Al fine di ottenere i citati finanziamenti, i promotori dell’associazione a delinquere hanno presentato – grazie a due commercialisti, uno di Catania, l’altro di Frosinone, parimenti sottoposti a indagine – falsi bilanci alla Camera di Commercio di Catania e dichiarazioni fraudolente ai fini delle imposte sui redditi all’Agenzia delle entrate per gli anni dal 2014 al 2018.

Una truffa nei confronti di privati: in tale contesto, i promotori dell’associazione, dopo essersi presentati come referenti di una inesistente fondazione dello Stato Città del Vaticano, palesavano ai soggetti truffati la possibilità di ottenere finanziamenti a fondo perduto, chiedendo il pagamento di un contributo per “spese amministrative”, pari a circa 260mila euro.

In tutti i casi, le somme provento delle truffe sono state oggetto di operazioni di riciclaggio e autoriciclaggio: gli importi, infatti, a cura degli stessi indagati o di altri soggetti a loro vicini, sono stati prima frazionati su diversi conti correnti, intestati a società o fondazioni, e successivamente trasferiti verso altri depositi, anche detenuti all’estero in istituti di credito tedeschi e maltesi.

Per quanto sopra – in esito alle attività investigative coordinate dalla Procura Distrettuale della Repubblica di Catania ed eseguite dal Nucleo di polizia economico-finanziaria della Guardia di finanza di Catania, 15 persone (tra cui due professionisti, e segnatamente uno di Catania e uno di Frosinone) sono state sottoposte a indagini, a vario titolo, per associazione a delinquere, truffa nei confronti dello Stato, truffa, riciclaggio e autoriciclaggio.

Il Giudice per le indagini preliminari presso il locale Tribunale ha disposto:

  • misure cautelari personali nei confronti di 4 soggetti;
  • il sequestro preventivo impeditivo delle quote di 16 tra società e fondazioni, aventi sede a Catania, Roma, Milano e Agrigento;
  • il sequestro a carico degli indagati delle somme disponibili sui conti correnti bancari, quali profitto dei reati contestati, per complessivi 500 mila euro.

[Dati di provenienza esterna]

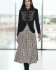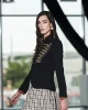 - Su patrón de americana se realza con un distintivo cuello mao y un delantero besado, cuyo cierre oculto con corchetes mantiene la fluidez del diseño, permitiendo que los botones dorados actúen como un elemento decorativo en perfecta armonía con el bordado.
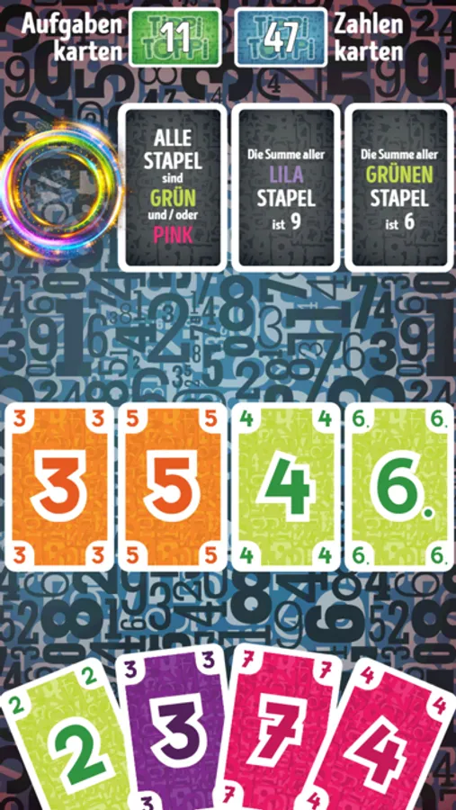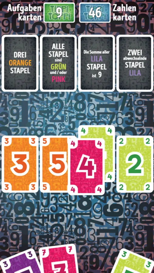 With cards in four colors and with values from 1-7, you have to complete 12, 14 or even 18 targets.
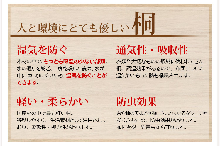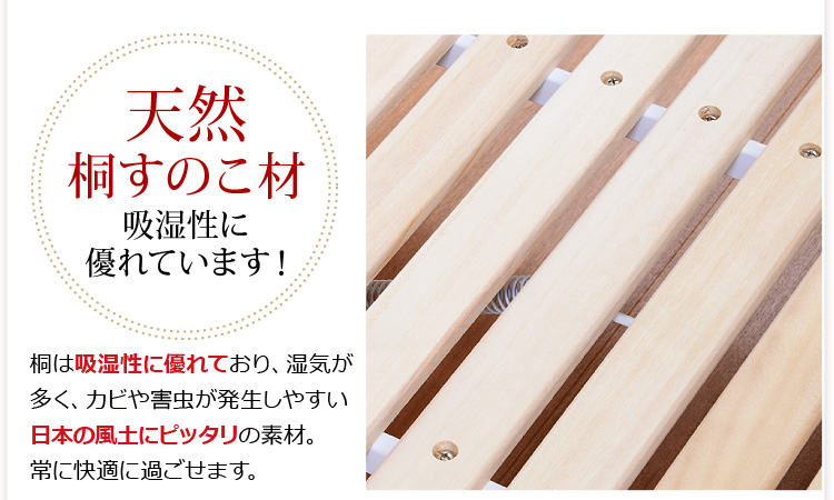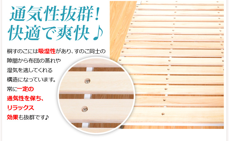 通気性、吸湿性共に優れる桐すのこ。快適な睡眠をサポートします!
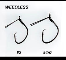 • Dois anzóis de pesca weedless pretos, identificados como #2 e #1/0, sobre fundo branco.
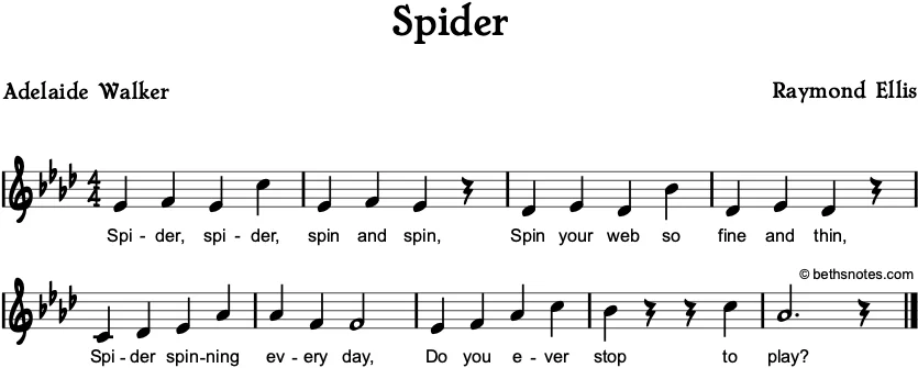 Spider, spider, spin and spin,Spin your web so fine and thin,Spider spinning every day,Do you ever stop to play?
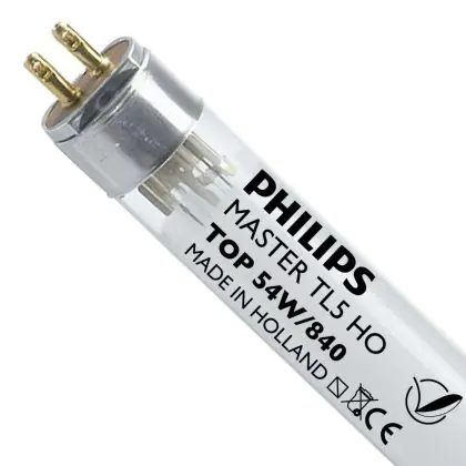 Die Philips MASTER TL5 HO TOP 54W - 840 Kaltweiß | 145cm ist eine Leuchtstoffröhre mit einer Länge von 1450 mm. Das Produkt hat einen Durchmesser von 17 mm. Die Röhre strahlt Licht in der Farbtemperatur 4000K - Kaltweiß aus und punktet durch eine lange Lebensdauer.
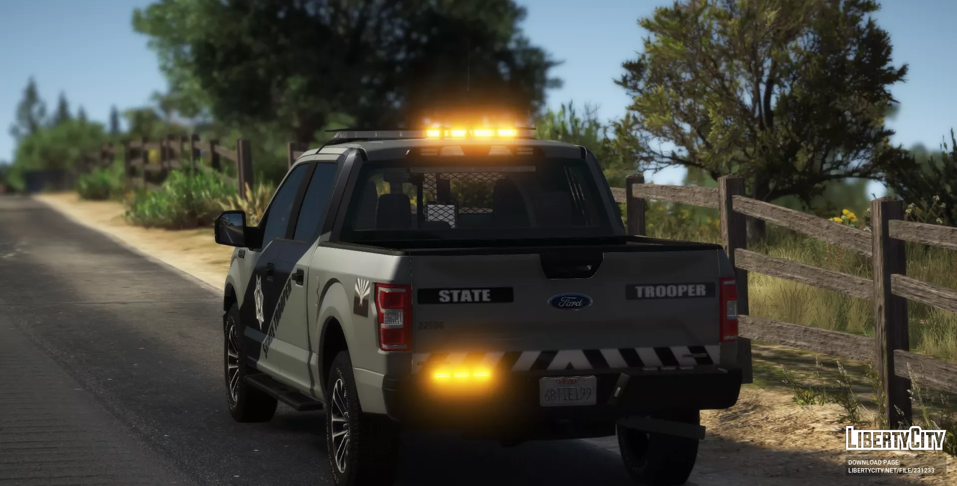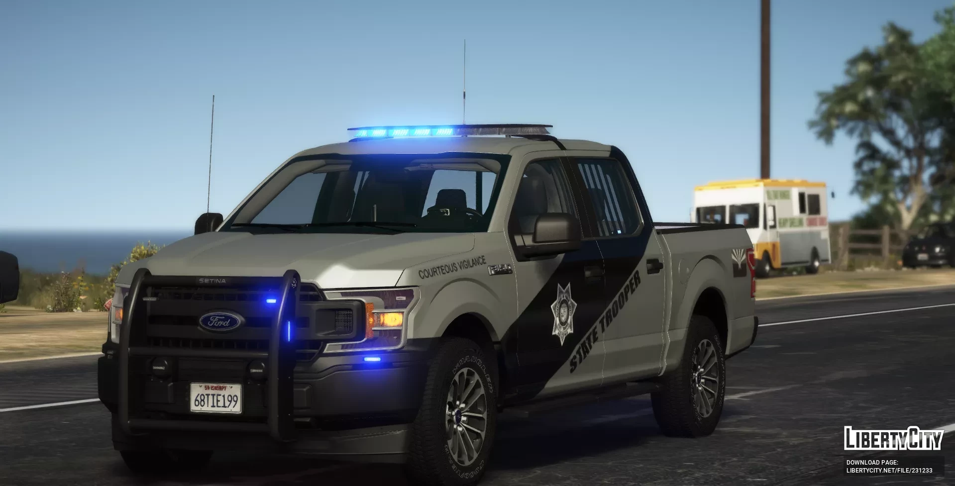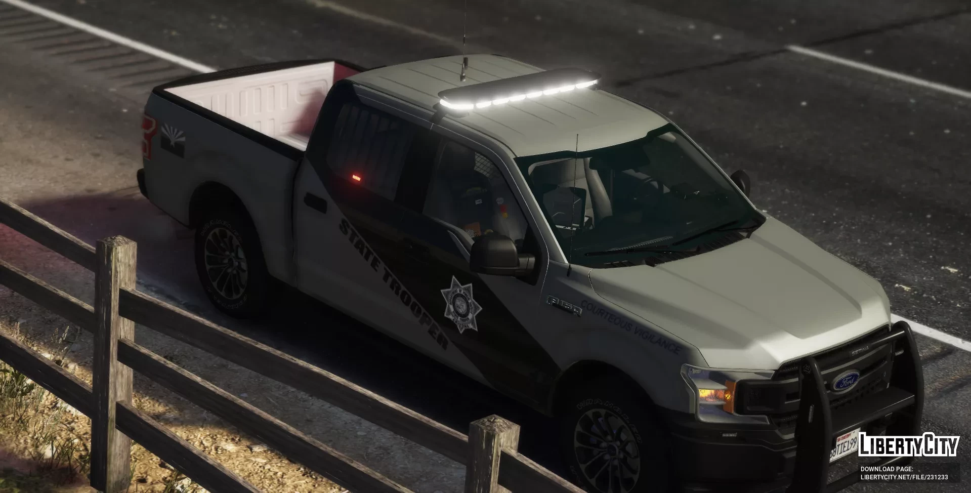 - Кузов окрашен в светло-серый цвет с чёрными диагональными элементами и большими надписями "STATE TROOPER", что подчёркивает принадлежность к дорожной полиции.
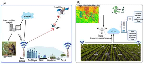 Applications of remote sensing: (a) integrated UAV concepts; (b) remote sensing system operation.
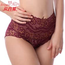 爱尚狐性感全蕾丝透气女士三角内裤舒适高腰运动瑜珈大码女式短裤
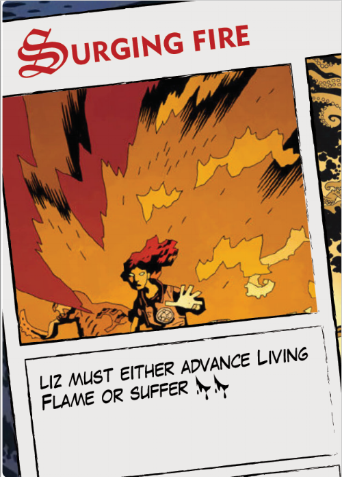 Playing as Liz requires more than a little luck-pushing. You can keep building up her Living Flame to let her cause more damage, but if it gets too high... well, it ain't pretty. Oh, and once again, this isn't a final card. It's a mockup.
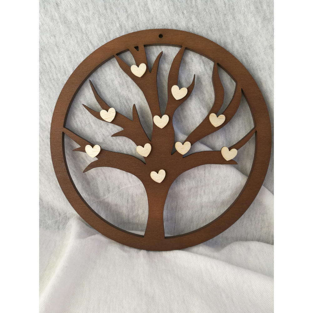 Dřevěný strom života na zavěšení se srdíčky Průměr dekorace: 18 cm x 0,5 cm tloušťka Materiál: buk Vyrobeno v ČR
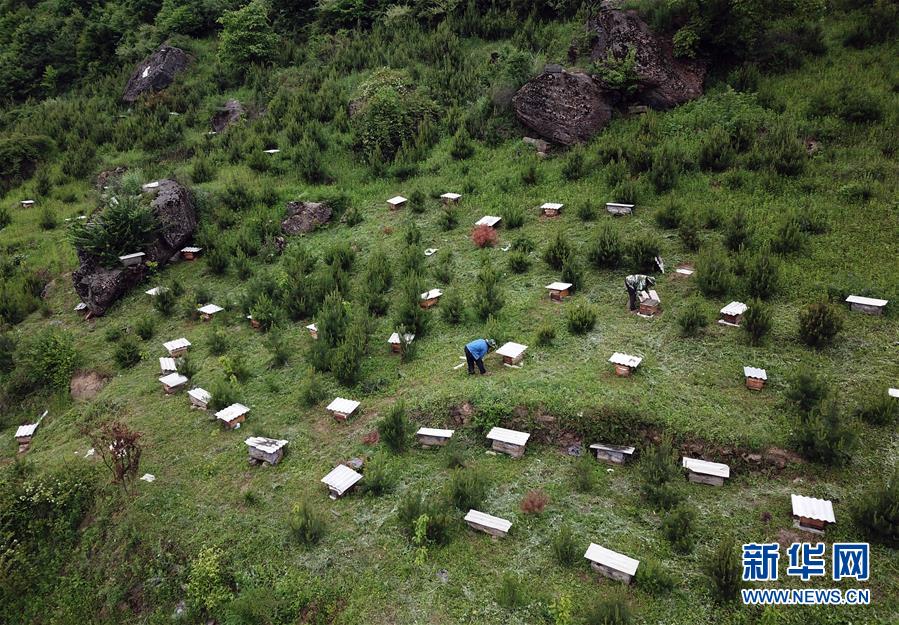 5月10日,在甘肅省隴南市徽縣大河店鎮(zhèn)硬灣村,蜂農(nóng)查看蜂箱情況(無(wú)人機(jī)拍攝)。 甘肅省隴南市徽縣大河店鎮(zhèn)硬灣村位于秦巴山區(qū)深處,2017年,在當(dāng)?shù)卣姆龀窒?,龍崖老巢蜜養(yǎng)殖農(nóng)民專業(yè)合作社成立,蜂農(nóng)們將傳統(tǒng)養(yǎng)蜂技藝和現(xiàn)代加工方式相結(jié)合,并通過(guò)電商等渠道打開銷路,有效帶動(dòng)了當(dāng)?shù)刎毨Т迕衩撠氈赂弧D壳罢麄€(gè)合作社共有蜂箱2000余個(gè),每箱每年可帶來(lái)三四千元的收入。 新華社記者 馬寧 攝
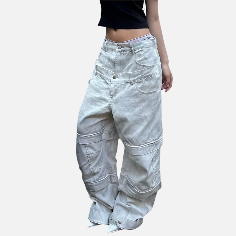 Vintage Beige High Waist Wide Jeans
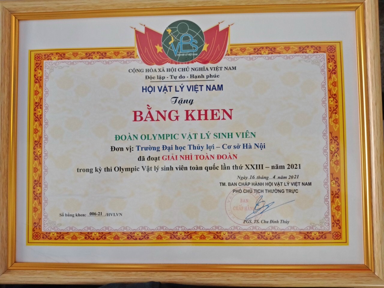 Trước đó, năm 2019, với vai trò là đơn vị đăng cai tổ chức kỳ thi, Trường Đại học Thủy lợi đã vinh dự nhận giấy khen của Hội Vật lý, giấy khen của Liên hiệp các hội khoa học và kỹ thuật Việt Nam vì có thành tích xuất sắc trong công tác tổ chức kỳ thi.
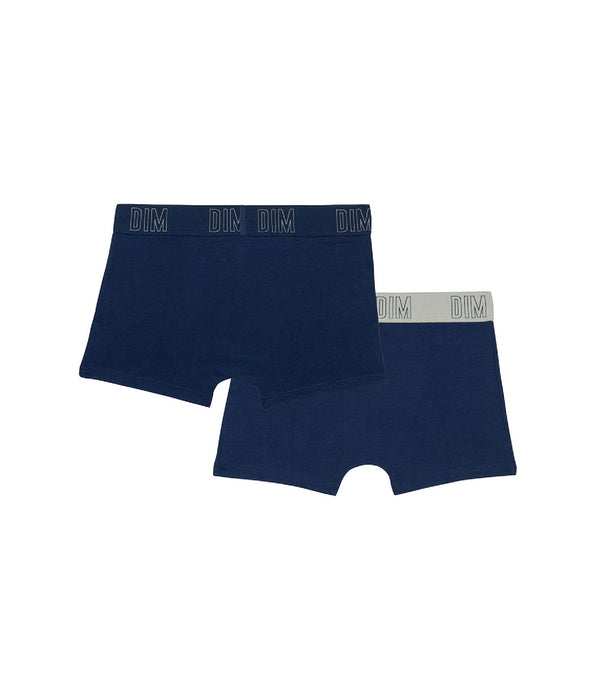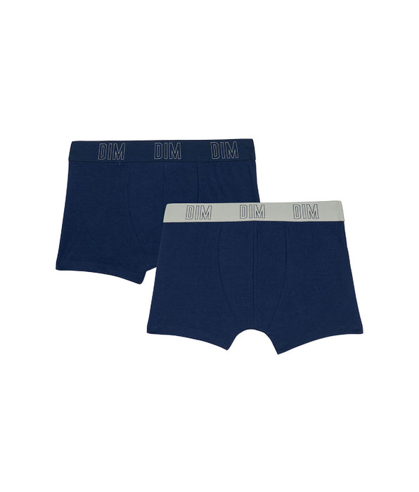 Votre ado craque pour le look moderne de ce lot de 2 Sous-vêtements Enfant Dim Skin Care en coton bio Bleu Marine et à la ceinture contrastée !
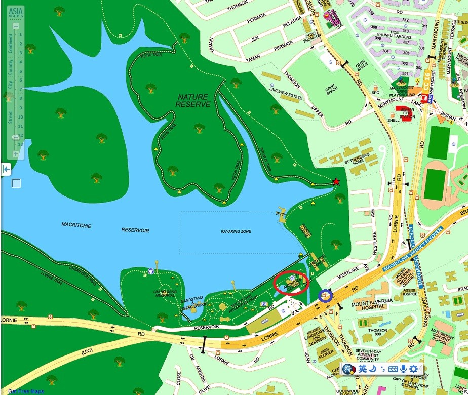 本周日10月19日下午1:00卖荔枝水库徒步,集合地点公园内的amenities centre(红圈)。最近的车站:Macritchie Reservoir bus stop (no. 51071,蓝圈),在lornie road和thomson road那块。Mary mount

A tale proposito, avendo gli indagati disponibilità di rapporti di conto corrente in territorio estero, è stato attivato, per il tramite del Comando Generale della Guardia di finanza, l’ufficio europeo “Asset Recovery Office”, al fine di dare esecuzione al provvedimento del GIP anche alle disponibilità finanziarie e patrimoniali detenute in Germania, Malta, Regno Unito e Svizzera.